L'obiettivo si restringe, fino a focalizzarsi su esigui dettagli. E' l'occhio della coscienza che scruta intorno e fa sussultare.Lebanon non è un film di guerra, ma una meditazione profonda in cui, proprio dal silenzio, si generano le voci interiori.
Le tensioni, l'intima ribellione alla perdita dell' innocenza e l'orrore provato dai soldati si fanno sempre più nostri, mentre stiamo lì ad assistere impotenti. Si resta stremati nel doversi difendere da un nemico indefinito, che potrebbe celarsi in tutti e in nessuno, e dal decidere troppo in fretta se sparare e uccidere subito o rischiare di morire per aver esitato un attimo.
Ma la guerra, se anche riesce a fermare le vite, non ferma le esigenze che ha la vita per andare avanti, e così nella pancia del carroarmato si fa tutto: si mangia, si dorme, si piscia, ci si racconta, si dà assistenza al prigioniero ferito e si fa la veglia al morto.
L'aria all'interno del blindato è densa di adrenalina e impestata di tremori e sudori, miasmi di escrementi e fumo di sigaretta.
L'aria all'interno del blindato è densa di adrenalina e impestata di tremori e sudori, miasmi di escrementi e fumo di sigaretta.
Manca il respiro; si vorrebbe uscire da lì, andarsene, e invece si resta, inchiodati da una forza che si impone: da lì non si può fuggire, nè loro nè noi.
E allora ci si chiede: questo nemico che forma ha, che faccia ha? E' un'ombra improvvisa che si staglia su un muro o un'auto dall'aria pacifica che potrebbe essere imbottita di tritolo? Un allevatore che trasporta polli col furgone e non si ferma all'Alt o una bambina che si aggira atterrita fra le macerie piangendo, mentre la madre disperatamente la cerca, con le vesti polverizzate dal fosforo? Oppure un mulo colpito dal fumogeno, che rantola con gli occhi aperti nella polvere e una domanda in sospeso per gli uomini?
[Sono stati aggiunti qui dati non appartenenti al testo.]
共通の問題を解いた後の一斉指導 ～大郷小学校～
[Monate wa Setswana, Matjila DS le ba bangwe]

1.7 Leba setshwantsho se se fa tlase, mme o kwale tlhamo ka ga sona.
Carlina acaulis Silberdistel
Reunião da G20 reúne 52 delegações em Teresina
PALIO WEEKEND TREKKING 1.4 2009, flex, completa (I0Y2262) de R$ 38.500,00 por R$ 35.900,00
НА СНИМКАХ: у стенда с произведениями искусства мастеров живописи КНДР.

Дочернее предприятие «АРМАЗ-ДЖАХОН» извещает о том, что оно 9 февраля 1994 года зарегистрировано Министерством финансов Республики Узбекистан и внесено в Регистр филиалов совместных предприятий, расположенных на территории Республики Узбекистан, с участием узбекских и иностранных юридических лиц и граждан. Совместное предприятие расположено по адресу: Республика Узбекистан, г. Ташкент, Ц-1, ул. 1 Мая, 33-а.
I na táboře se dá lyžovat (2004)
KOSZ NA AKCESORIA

E anche ... quel mare sterminato di girasoli rivolti al cielo, immobili nella calura, che verranno presto stritolati dai cingoli arrugginiti del carroarmato, quando si farà strada attraverso le coltivazioni?
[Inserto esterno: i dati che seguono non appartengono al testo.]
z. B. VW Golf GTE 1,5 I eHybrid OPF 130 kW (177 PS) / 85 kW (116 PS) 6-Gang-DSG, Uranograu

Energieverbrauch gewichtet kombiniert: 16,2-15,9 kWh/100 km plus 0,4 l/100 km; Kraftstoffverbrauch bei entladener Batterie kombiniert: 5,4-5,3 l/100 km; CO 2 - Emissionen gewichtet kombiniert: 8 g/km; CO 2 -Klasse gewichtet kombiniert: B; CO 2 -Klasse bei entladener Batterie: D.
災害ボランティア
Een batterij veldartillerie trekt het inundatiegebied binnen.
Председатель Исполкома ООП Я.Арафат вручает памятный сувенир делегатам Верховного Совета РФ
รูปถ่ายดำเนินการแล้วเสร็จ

IL CARROARMATO E' SOLO UN AMMASSO DI FERRAGLIA - avverte un cartello apposto sulla lamiera del cingolato- E' L'UOMO CHE E' D'ACCIAIO.
E se d'acciaio non è?
Deve diventarlo, altrimenti è fottuto.
Un film che merita il premio assegnatoli, tuttavia non concepito come spettacolo per passare il tempo e divertirsi.
Va preso come un impegno, un mandato da cui possibilmente non esimersi, per formulare una sentenza interiore di condanna alla guerra, convinta, definitiva e senza sconti di pena.
Nessuna guerra è mai santa o giustificata, non c'è territorio, nè ideale nè tantomeno religione che la discolpi.
Non potrà essere migliore o peggiore a seconda delle ragioni che la causano e non sarà meno responsabile chi la perde o chi la vince.
La guerra è una merda e basta, per tutti, da qualunque parte si rigiri il discorso.